# two Golden Ret. mMxes at Adams in West Union, Ohio



## Karen519 (Aug 21, 2006)

*Just heard on PEtfinder.*

Just heard on Petfinder that these two beautiful Golden Rets., will be going to Almost Heaven in Delray, WV on Dec. 8th.

I am very happy, but I won't feel good about it until they are both out of the shelter-especially the Pregnant Female.


----------



## Karen519 (Aug 21, 2006)

*Darn*

Darn:

Almost Heaven is not equipped to handle a pregnant dog, so they can't take the female. Heard they will take the male still, but it would be nice if Female and Male could go to the same rescue. I told the girls to e-mail Save a Mom Pregnant Dog rescue in OHIO and one other.
*
Can anyone think of any others nearby??*


----------



## Karen519 (Aug 21, 2006)

*Latest Word on Petfinder Msg. Forum..*

The latest word on Pefinder msg. forum is that both of these Golden Rets., male & pregnant female have adopter interested,...

Will keep everyone posted.


----------



## jason0618 (Sep 17, 2007)

That's good. W. Union is about 25 minutes away from me. It's like you're entering another world when you cross the county line into Adams county.


----------



## Karen519 (Aug 21, 2006)

*Jason*

Jason:

Please encourage everyone to volunteer at Adams and adopt and rescue from there. They have such beautiful dogs and it is a yucky place-no ventilation, drainage, dirty, very poor, very rural, very few adopters.


----------



## Karen519 (Aug 21, 2006)

*Heard from girl that volunteers at Adams..*

I heard from Kristin a girl that volunteers at Adams ,that both of these Golden Ret. X's have rescue-not sure which one.

I'm Especially happy for the Pregnant Female!!

I pray that someone rescues the Golden Retriever Puppy now.


----------



## Karen519 (Aug 21, 2006)

*Update..*

still hearing from Mary w/Adams that the two Golden Rets. have a rescue, but not sure which one and when. Hope they get the poor Preg. Golden out of there Soon!

I can't believe that nobody has adopted or rescued the adorable Golden Ret. Pup there!:no:


----------



## Karen519 (Aug 21, 2006)

*The Two Golden Rets. at Adams in OH-One Pregnant, don't have rescue..*

Just heard that the two Golden Rets. at Adams in West Union, OH, don't have rescue.

The female is Pregnant and Almost Heaven was going to take the Golden boy if we could get him to them which didn't happen.

I'm getting very depressed from all these poor babies.

Adams is very difficult to work with and they have no transport help.

I just e-mld. Mary, at:[email protected], she is trying to help the Adams dogs and is the only one that answers.

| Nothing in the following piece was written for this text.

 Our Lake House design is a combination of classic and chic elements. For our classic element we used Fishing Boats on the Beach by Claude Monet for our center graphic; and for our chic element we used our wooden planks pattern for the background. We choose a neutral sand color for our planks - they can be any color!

Read this heartbreaking account from Kristen, at volunteer who has visited Adams a few times now:

wasn't able to go yesterday and didn't see this heartbreaking update until last night. My new one has been sick all week and I had to take her back to the vet. I'm happy to report she's fine. She is the sweetest little thing I've ever seen. She sleeps with me at night with her head nuzzled in my neck. I was laying with her last night thinking about how much love all of these dogs have to give, and I started to cry thinking about how they aren't going to get that chance...to lay in a warm bed and be loved like they deserve. I'm so upset about these poor babies. This will be the first time that I go back and faces are gone because no one wanted them. I wish I could have kissed all of their faces yesterday. 

I don't know what to do except to write here for them and tell you what I have personally seen from them. I've been thinking about them all night. I can tell you that the Coonhound takes your breath away. I went to the pound last saturday and met him for the first time. We were dropping off food and something caught my eye and startled me. I looked over and saw the saddest eyes I have ever seen. He was huddled under the warden's desk shivering uncontrollably. I knelt down and he slowly got up and came to me. The other volunteer and myself gasped at how thin and frail he was. He buried his face in me and I don't think I've ever felt such sadness from a dog. Lord knows what his life has been like. Now he has 3 days to live after suffering in that place and being unwanted. There just aren't any words. He's a young boy with so much to give. 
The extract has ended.